Obligations to obtain cargo insurance have been updated, to reflect changes to the Institute Cargo Clauses since Incoterms 2000. For example, the new rules clarify that under CIF terms, the seller must obtain cover complying with at least the minimum cover provided by Clause C of the Institute Cargo Clauses (LMA/IUA) or any similar clauses. Where required by the buyer, the seller must also procure additional cover, such as that provided by Institute Cargo Clauses A or B; or Institute War or Strike Clauses.
Incoterms® 2010 now include an express obligation to obtain or render assistance in obtaining security clearances and information. For example, under articles A10/B10 of CIP terms, the seller must provide or render assistance in obtaining security related information that the buyer needs for import or transport of goods. This is at the buyer's risk and expense.
The rules aim to avoid duplication of costs such as terminal handling charges, by more clearly setting out an allocation of costs under articles A6 and B6.
It should be noted that the registered trademark symbol should be used when referring to Incoterms® 2010. Perhaps the most important change in Incoterms® 2010 is the replacement of the terms DAF, DES, DEQ and DDU with two new terms - DAT and DAP. This has reduced the number of terms from 13 to 11.

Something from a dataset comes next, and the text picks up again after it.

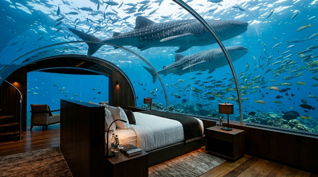 - 경이로운 포인트: 침실과 거실의 천장이 180도 곡면 아크릴로 되어 있어, 침대에 누우면 인도양의 푸른 바다와 산호초 사이를 유영하는 해양 생물들이 마치 나를 감싸 안은 듯한 환상적인 기분을 느끼게 합니다.

Although Incoterms® 2010 bring some welcome clarifications and improvements to global trade rules, it remains up to buyers, sellers, insurers and others to ensure that the new rules are usedcorrectly.
Like with previous editions of the Incoterms, care should always be taken to ensure that Incoterms® 2010 are properly incorporated into a contract. The terms of trade should specifically designate the chosen term, the pivotal place in the contract, and now, that it is the 2010 version of the rules that applies.
For example, a commercial invoice should state 'FCA Melbourne, Australia, Incoterms® 2010,' rather than just 'FCA Melbourne' as would more commonly appear, and which does not nominate any particular version of the Incoterms to apply.
Furthermore, care should always be taken to adopt the correct term for your particular goods, rather than just referring to the more well known terms. As Incoterms® 2010 cautions - FOB is unlikely to be the appropriate term for containerised cargo, which is typically delivered at a terminal. In this situation, FCA is usually the rule that ought to apply.
Whilst Incoterms® 2010 might not revolutionise business, their introduction certainly provides a timely reminder to ensure that trading documents are up to date. Bills of lading, cargo insurance policies and a myriad of other template documents wielded by companies, may refer to old versions of the rules, or use the soon to be defunct terms DAF, DES, DEQ or DDU. Prudent businesses would be well advised to take a proactive approach to the new rules, and to capitalise on opportunities such as the improved status of electronic communications.
DAT - Delivered at Terminal. Under this new term, delivery occurs at the named destination, at the buyer's disposal unloaded from the arriving vehicle. This is similar to the former DEQ term. This is a term for any or multimodal transport, and the named place for delivery can be a port. Goods are delivered with the seller bearing all risks and costs (other than import costs where applicable) to the named destination.
DAP - Delivered at Place. Under this new term, delivery occurs at the named destination, but ready for unloading (not unloaded). This is similar to the former DAF, DES and DDU terms. This term can be used for any, multimodal or maritime transport, as the arriving 'vehicle' can be a ship and the named destination can be a port. Goods are delivered with the seller bearing all risks and costs (other than import costs where applicable) to the named destination.